The first one is not possible (IIUC) because of a refactor years back that
simplified the code and also requires extra complexity. The second option would
require additional overhead as we would involve scanning.
We'll likely need something similar (scanning, tracking?) for anonymous
memory as well. There was a proposal for a THP shrinker some time ago, that
would solve part of the problem.
It's good to know we have the same problem in different places. I'm more
inclined to keep the information rather than adding an extra overhead. Unless
the complexity is really overwhelming. Considering the concerns here, not sure
how much should we try merging with iomap as per Ritesh's suggestion.
As raised in the meeting, I do see value in maintaining the information; 
but I also see why Hugh and Kirill think this might be unwarranted 
complexity in shmem.c. Meaning: we might be able to achieve something 
similar without it, and we don't have to solve the problem right now to 
benefit from large folios.
The THP shrinker, could you please confirm if it is this following thread?
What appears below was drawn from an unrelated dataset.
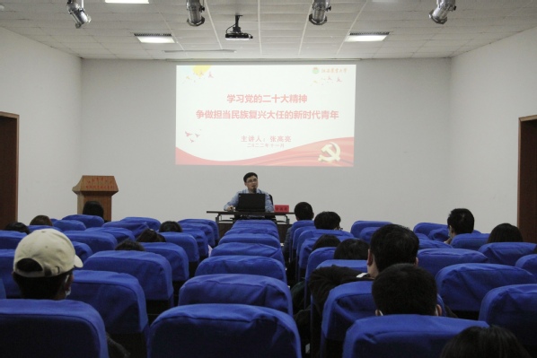 张高亮紧扣宣讲主题,联系实际,从大会盛况,过去5年的工作和新时代10年的伟大变革,马克思主义中国化时代化、中国式现代化、全面建设社会主义现代化国家的目标任务,深刻领会把握党的二十大的精神实质等方面,进行了系统宣讲和阐释。张高亮指出,学习宣传贯彻党的二十大精神,是当前和今后一个时期全校上下的首要政治任务,全体师生要在全面学习上下功夫、在全面把握上下功夫、在全面落实上下功夫,尤其注重四个“学”:一是要带着政治觉悟反复学,学出理想信念来;二是要对照系列讲话结合学,学出真情实感来;三是要立足本职岗位研究学,学出本事本领来;四是要把握目标重点学,学出职责使命来。

https://lore.kernel.org/all/cover.1667454613.git.alexlzhu@xxxxxx/
Yes, although there was no follow up so far. Possibly, because in the 
current khugepaged approach, there will be a constant back-and-forth 
between khugepaged collapsing memory (and wasting memory in the default 
setting), and the THP shrinker reclaiming memory; doesn't sound quite 
effective :) That needs more thought IMHO.
[...]

To optimize FALLOC_FL_PUNCH_HOLE for the cases where splitting+freeing
is not possible at fallcoate() time, detecting zeropages later and
retrying to split+free might be an option, without per-block tracking.
(2) mTHP controls

As a default, we should not be using large folios / mTHP for any shmem, just
like we did with THP via shmem_enabled. This is what this series currently
does, and is aprt of the whole mTHP user-space interface design.
That was clear for me too. But what is the reason we want to boot in 'safe
mode'? What are the implications of not respecing that?
[...]

As I understood from the call, mTHP with sysctl knobs is preferred over
optimistic falloc/write allocation? But is still unclear to me why the former
is preferred.
I think Hugh's point was that this should be an opt-in feature, just like
PMD-sized THP started out, and still is, an opt-in feature.
I'd be keen to understand the use case for this. Even the current THP controls
we have in tmpfs. I guess these are just scenarios with no swap involved?
Are these use cases the same for both tmpfs and shmem anon mm?
Systems without swap are one case I think. The other reason for a toggle 
in the past was to be able to disable it to troubleshoot issues (Hugh 
mentioned in the meeting about unlocking new code paths in shmem.c only 
with a toggle).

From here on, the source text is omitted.